Exercise:
Please write out all the data that follows exactly, without the pictures.

___ Input data

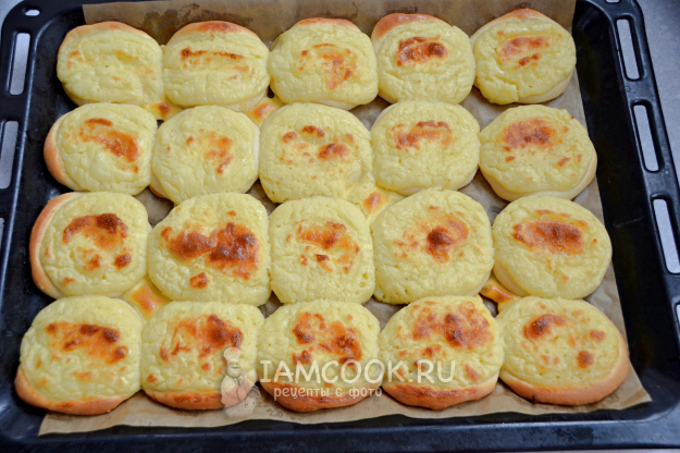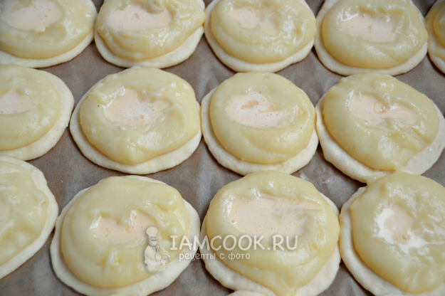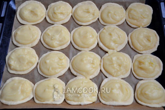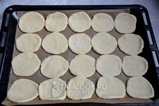 Выложите заготовки из теста на противень, застеленный бумагой для выпечки.
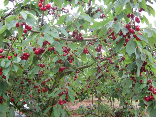 Dit jaar zijn er weer kersen in overvloed. Vorig jaar is een deel van de oogst verloren gegaan door het weer: de regen deed de vruchten zwellen en openbarsten.
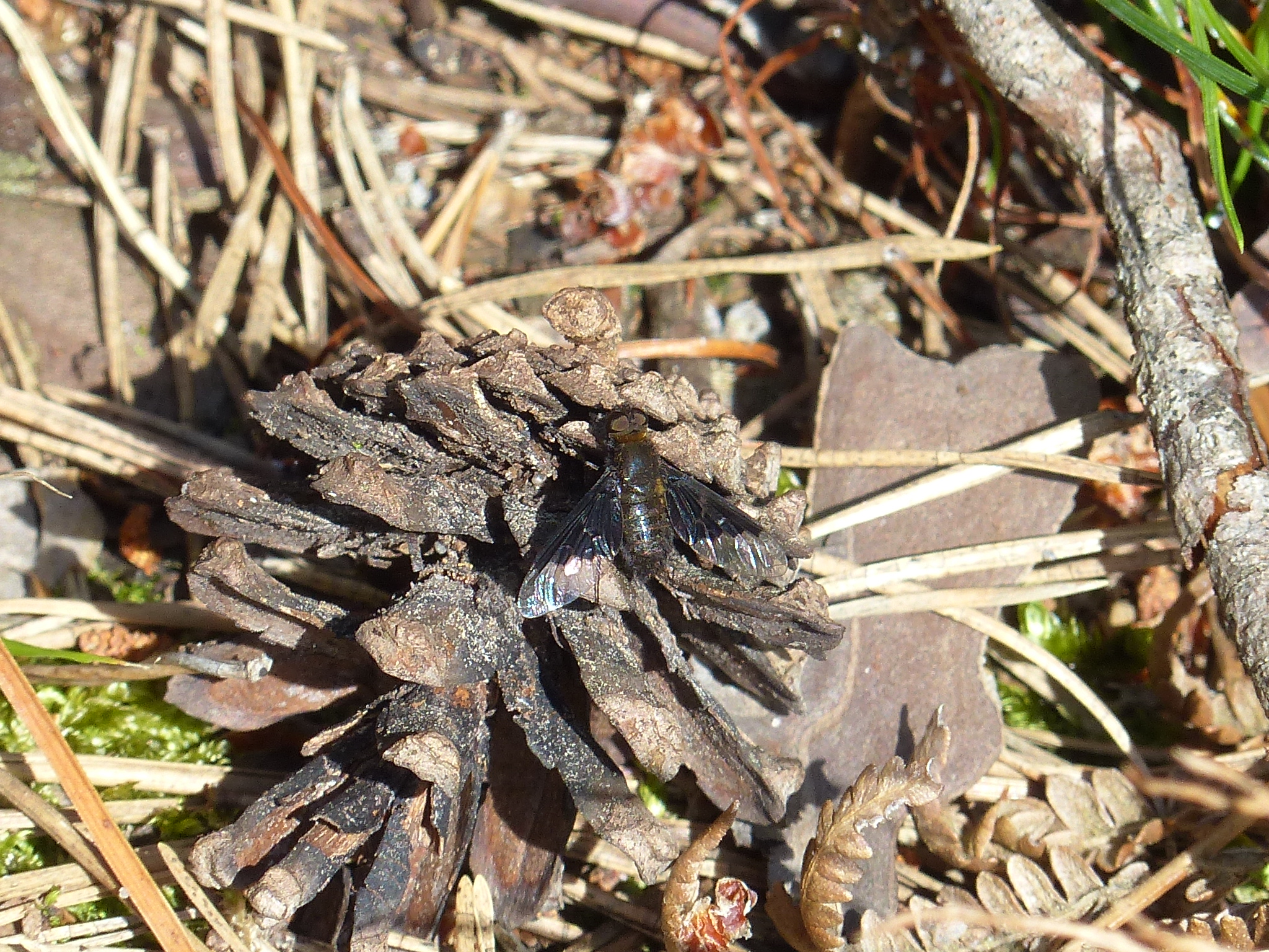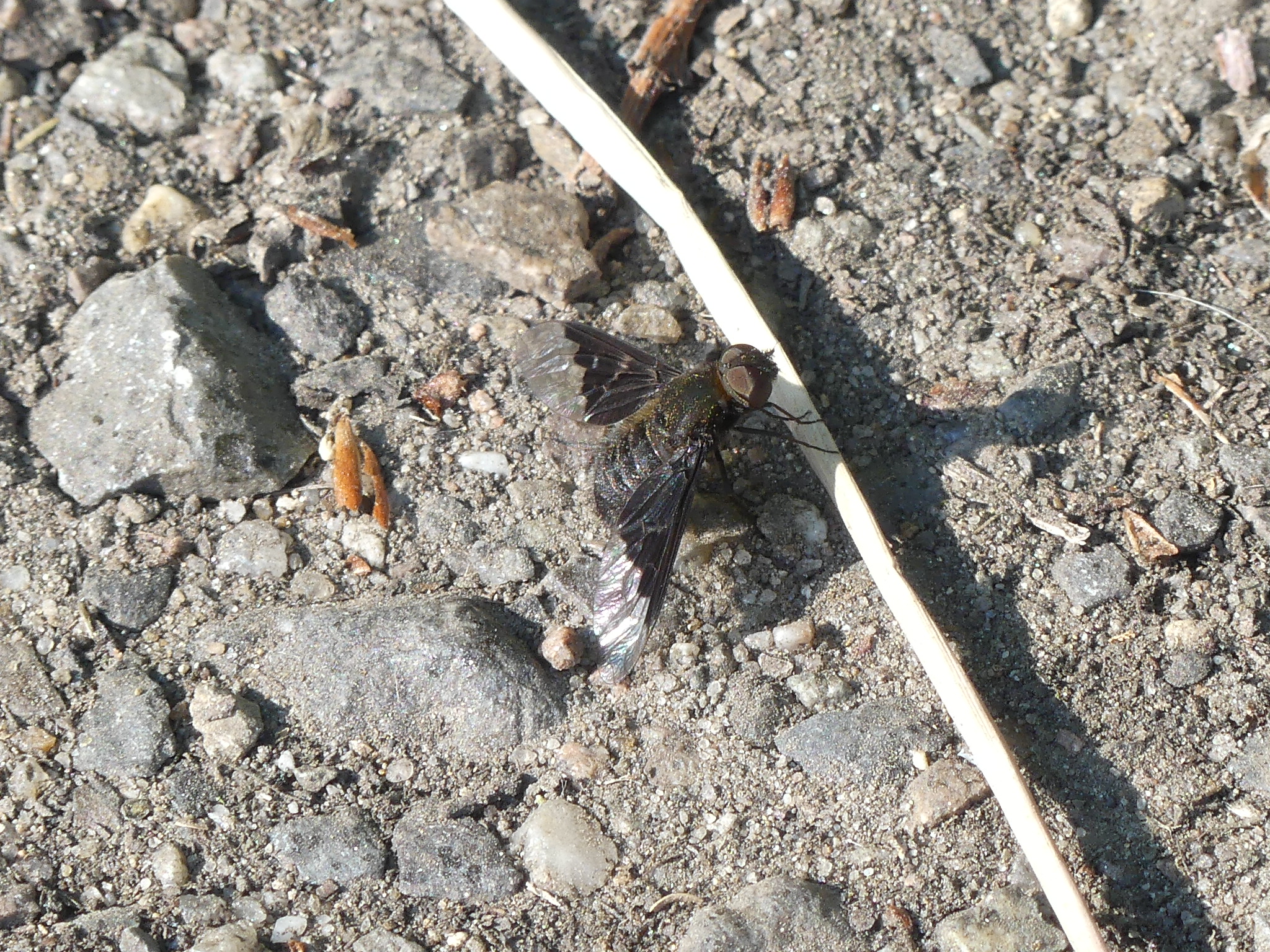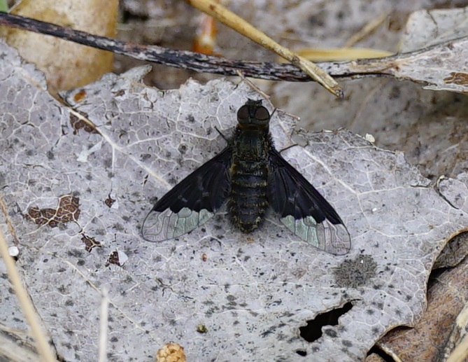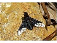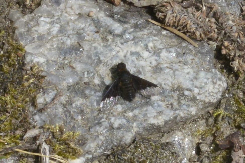 Hemipenthes morio an einem Waldweg, Hochhalde Trages bei Espenhain, Mai 2015

______

Solution to this task:
 Выложите заготовки из теста на противень, застеленный бумагой для выпечки.
 Dit jaar zijn er weer kersen in overvloed. Vorig jaar is een deel van de oogst verloren gegaan door het weer: de regen deed de vruchten zwellen en openbarsten.
 Hemipenthes morio an einem Waldweg, Hochhalde Trages bei Espenhain, Mai 2015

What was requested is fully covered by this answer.